Profiling shell scripts isn’t quite as easy as profiling C programs; with C, you can just use a tool like Valgrind to find out where all the effort is going, but shell scripts depend on the speed of the shell, the kernel, and the plethora of programs executed by the script, so it’s harder to follow what goes on and find the time sinks. However, I observed that a lot of time was spent in the steps between deleting items; since each rewrite and safety check is done on-the-fly as deletion rules are presented for processing, those were likely candidates. The first thing I wanted to know was how many times the script called an external program to do work; you can easily kill a shell script’s performance with unnecessary external program executions. To gather this info, I used the strace tool:

strace -f -o strace.txt tt_cleaner

This produced a file called “strace.txt” which contains every single system call issued by both the cleaner script and any forked programs. I then looked for the execve() system call and gathered the counts of the programs executed, excluding “execve resumed” events which aren’t actual execve() calls:

grep execve strace.txt | sed ‘s/.*execve/execve/’ | cut -d\” -f2 | grep -v resumed | sort | uniq -c | sort -g

The resulting output consisted of numbers below 100 until the last two lines, and that’s when I realized where the bottleneck might be:

4157 /bin/sed
11227 /usr/bin/grep

That’s a LOT of calls to sed, but the number of calls to grep was almost three times bigger, so that’s where I started to search for ways to improve. As I’ve said, the rewrite code takes each rule for deletion and rewrites it for other possible interpretations; “Username\Application Data” on Windows XP was moved to “Username\AppData\Roaming” on Vista and up, while “All Users\Application Data” was moved to “C:\ProgramData” in the same, plus there is a potential mirror of every single rule in “Username\AppData\Local\VirtualStore”. The rewrite code handles the expansion of the deletion rules to cover every single one of these possible cases. The outer loop of the rewrite engine grabs each rewrite rule in order while the inner loop does the actual rewriting to the current rule AND and all prior rewrites to ensure no possibilities are missed (VirtualStore is largely to blame for this double-loop architecture). This means that anything done within the inner loop is executed a huge number of times, and the very first command in the inner loop looked like this:

if echo “${RWNAMES[$RWNCNT]}” | grep -qi “${REWRITE0[$RWCNT]}”

This checks to see if the rewrite rule applies to the cleaner rule before doing the rewriting work. It calls grep once for every single iteration of the inner loop. I replaced this line with the following:

if [[ “${RWNAMES[$RWNCNT]}” =~ .*${REWRITE0[$RWCNT]}.* ]]

I had to also tack a “shopt -s nocasematch” to the top of the shell script to make the comparison case-insensitive. The result was a 6x speed increase. Testing on an existing data backup which had already been cleaned (no “work” to do) showed a consistent time reduction from 131 seconds to 22 seconds!
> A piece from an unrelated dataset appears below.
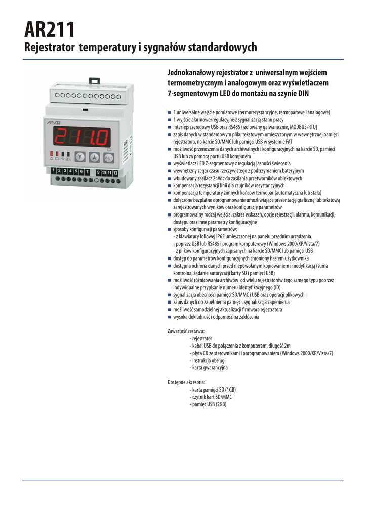 AR211 Rejestrator temperatury i sygnałów standardowych Jednokanałowy rejestrator z uniwersalnym wejściem termometrycznym i analogowym oraz wyświetlaczem 7-segmentowym LED do montażu na szynie DIN n 1 uniwersalne wejście pomiarowe (termorezystancyjne, termoparowe i analogowe) n 1 wyjście alarmowe/regulacyjne z sygnalizacją stanu pracy n interfejs szeregowy USB oraz RS485 (izolowany galwanicznie, MODBUS-RTU) n zapis danych w standardowym pliku tekstowym umieszczonym w wewnętrznej pamięci rejestratora, na karcie SD/MMC lub pamięci USB w systemie FAT n możliwość przenoszenia danych archiwalnych i konfiguracyjnych na karcie SD, pamięci USB lub za pomocą portu USB komputera n wyświetlacz LED 7-segmentowy z regulacją jasności świecenia n wewnętrzny zegar czasu rzeczywistego z podtrzymaniem bateryjnym n wbudowany zasilacz 24Vdc do zasilania przetworników obiektowych n kompensacja rezystancji linii dla czujników rezystancyjnych n kompensacja temperatury zimnych końców termopar (automatyczna lub stała) n dołączone bezpłatne oprogramowanie umożliwiające prezentację graficzną lub tekstową zarejestrowanych wyników oraz konfigurację parametrów n programowalny rodzaj wejścia, zakres wskazań, opcje rejestracji, alarmu, komunikacji, dostępu oraz inne parametry konfiguracyjne n sposoby konfiguracji parametrów: - z klawiatury foliowej IP65 umieszczonej na panelu przednim urządzenia - poprzez USB lub RS485 i program komputerowy (Windows 2000/XP/Vista/7) - z plików konfiguracyjnych zapisanych na karcie SD/MMC lub pamięci USB n dostęp do parametrów konfiguracyjnych chroniony hasłem użytkownika n dostępna ochrona danych przed niepowołanym kopiowaniem i modyfikacją (suma kontrolna, żądanie autoryzacji karty SD i pamięci USB) n możliwość różnicowania archiwów od wielu rejestratorów tego samego typu poprzez indywidualne przypisanie numeru identyfikacyjnego (ID) n sygnalizacja obecności pamięci SD/MMC i USB oraz operacji plikowych n zapis danych do zapełnienia pamięci, sygnalizacja zapełnienia n możliwość samodzielnej aktualizacji firmware rejestratora n wysoka dokładność i odporność na zakłócenia Zawartość zestawu: - rejestrator - kabel USB do połączenia z komputerem, długość 2m - płyta CD ze sterownikami i oprogramowaniem (Windows 2000/XP/Vista/7) - instrukcja obsługi - karta gwarancyjna Dostępne akcesoria: - karta pamięci SD (1GB) - czytnik kart SD/MMC - pamięć USB (2GB) Dane Techniczne Dane Montażowe Uniwersalne wejście (programowalne): zakres pomiarowy Listwowa MODULBOX 4MH53 - Pt100 (RTD, 3- lub 2-przewodowe) -200 ÷ 850 °C Materiał samogasnące tworzywo PRO - Ni100 (RTD, 3- lub 2-przewodowe) -50 ÷ 170 °C Wymiary obudowy 71 x 90 x 58 mm - termopara J (TC, Fe-CuNi) -40 ÷ 800 °C Mocowanie montaż na listwie TS35 (DIN EN 50022-35) - termopara K (TC, NiCr-NiAl) -40 ÷ 1200 °C Masa ~165g - termopara S (TC, PtRh 10-Pt) -40 ÷ 1600 °C - termopara B (TC, PtRh30PtRh6) 300 ÷ 1800 °C - termopara R (TC, PtRh13-Pt) -40 ÷ 1600 °C - termopara T (TC, Cu-CuNi) -25 ÷ 350 °C - termopara E (TC, NiCr-CuNi) -25 ÷ 680 °C - termopara N (TC, NiCrSi-NiSi) -35 ÷ 1300 °C - prądowe (Rwe = 110 Ω) 0/4 ÷ 20 mA - napięciowe (Rwe = 250 kΩ ) 0 ÷ 10 V - napięciowe (Rwe > 2 M Ω) 0 ÷ 60 mV - rezystancyjne (3- lub 2-przewodowe) 0 ÷ 1000 Ω Ilość wejść pomiarowych 1 Czas odpowiedzi (10÷90%) 1 ÷ 10 s (programowalny) Rezystancja doprowadzeń (RTD, Ω) Rd < 25 Ω (dla każdej linii) Prąd wejścia rezystancyjnego (RTD, Ω) ~480 μA 58 90 Listwa zaciskowa i gniazda Błędy przetwarzania (w temperaturze otoczenia 25°C): 0,1 % zakresu pomiarowego ±1 cyfra dla termopar 0,2 % zakresu pomiarowego ±1 cyfra - dodatkowy dla termopar <2 °C (temperatura zimnych końców) - dodatkowy od zmian temp. otoczenia < 0,005 % zakresu wejścia /°C KARTA SD (maks. 2GB) TC_ 0,1 °C + sterowniki kompatybilne z systemem Windows XP/Vista/7 - tryb nadrzędny obsługa pamięci USB (pendrive) Okres zapisu danych mA _ V RS485 P1 Uzas (1) 9 10 11 12 13 Pamięć danych (nieulotna, zapis do 19 mln. pomiarów dla pamięci 1GB): - wewnętrzna (typu FLASH) _ 1 2 3 4 5 6 7 8 szybkość 2,4 ÷ 115,2 kb/s, separowany galwanicznie programowalny od 1s do 2 godz. 45 min + RS- Pt100 (3-p) - tryb podrzędny - RS485 (protokół MODBUS-RTU, SLAVE) zwora RS+ Interfejsy komunikacyjne - USB 24Vdc Pt100 (2-p) + Rozdzielczość mierzonej temperatury USB (maks. 4GB) + dla RTD, mA, V,mV, Ω _ - podstawowy _ 4MB, system plików FAT12, zapis do 95 tys. pomiarów + SSR1 - zewnętrzna karta SD/MMC (złącze z wyrzutnikiem) FAT16, FAT32, maksymalny rozmiar 2GB, zalecany ≤1GB i FAT16 - zewnętrzna pamięć USB (pendrive, złącze typu A4) FAT16, FAT32, maksymalny rozmiar 4GB, zalecany ≤1GB i FAT16 Zegar czasu rzeczywistego (kwarcowy RTC) Wyjście alarmowe uwzględnia lata przestępne, podtrzymanie bateria CR1220 - przekaźnikowe 5A / 250V~ (dla obciążeń rezyst.), SPST-NO - SSR (tranzystorowe NPN OC, opcja) 11V, rezystancja wewnętrzna 440 Ω Wyświetlacz 7-segmentowy LED Zasilanie 4 cyfry, czerwony, wysokość 14 mm, z regulacją jasności - 230Vac 85 ÷ 260 Vac / 4 VA - 24Vac/dc (opcja) 20 ÷ 50 Vac / 4 VA, 20 ÷ 72 Vdc / 4 W Zasilacz przetworników obiektowych 24 Vdc / 30 mA Znamionowe warunki użytkowania 0 ÷ 50 °C, <100 %RH (bez kondensacji) Środowisko pracy powietrze i gazy neutralne Stopień ochrony IP65 od czoła, IP20 od strony złącz - odporność Kompatybilność elektromagnetyczna (EMC) - emisyjność wg normy PN-EN 61000-6-2:2002(U) Sposób Zamawiania AR211 / o /o Zasilanie 230 Vac 24 Vac/dc Kod S1 S2 Wyjście Kod przekaźnik P SRR S Przykład: AR211 / S1 / P AR211, zasilanie 230 Vac, wyjście przekaźnikowe wg normy PN-EN 61000-6-4:2002(U) (1) minimalny okres zapisu równy 1s możliwy jest zawsze dla pamięci wewnętrznej. Dla pamięci USB (pendrive) oraz kart SD minimalny gwarantowany (równomierny) okres rejestracji może wynosić nawet kilka sekund i za

The grep count dropped massively, too:

97 /usr/bin/grep

Bash can do wildcard and regular expression matching of strings (the =~ comparison operator is a regex match), so anywhere your shell script uses the “echo-grep” combination in a loop stands to benefit greatly by exploiting these Bash features. Unfortunately, these are not POSIX shell features and using them will lead to non-portable scripts, but if you will never use the script on other shells and the performance boost is significant, why not use them?

The bigger lesson here is that you should take some time to learn about the features offered by your shell if you’re writing advanced shell scripts.

Update: After writing this article, I set forth to eliminate the thousands of calls to sed. I was able to change an “echo-sed” combination to a couple of Bash substring substitutions. Try it out:

FOO=${VARIABLE/string_to_replace/replacement}

It accepts $VARIABLES where the strings go, so it’s quite powerful. Best of all, the total runtime dropped to 10.8 seconds for a total speed boost of over 11x!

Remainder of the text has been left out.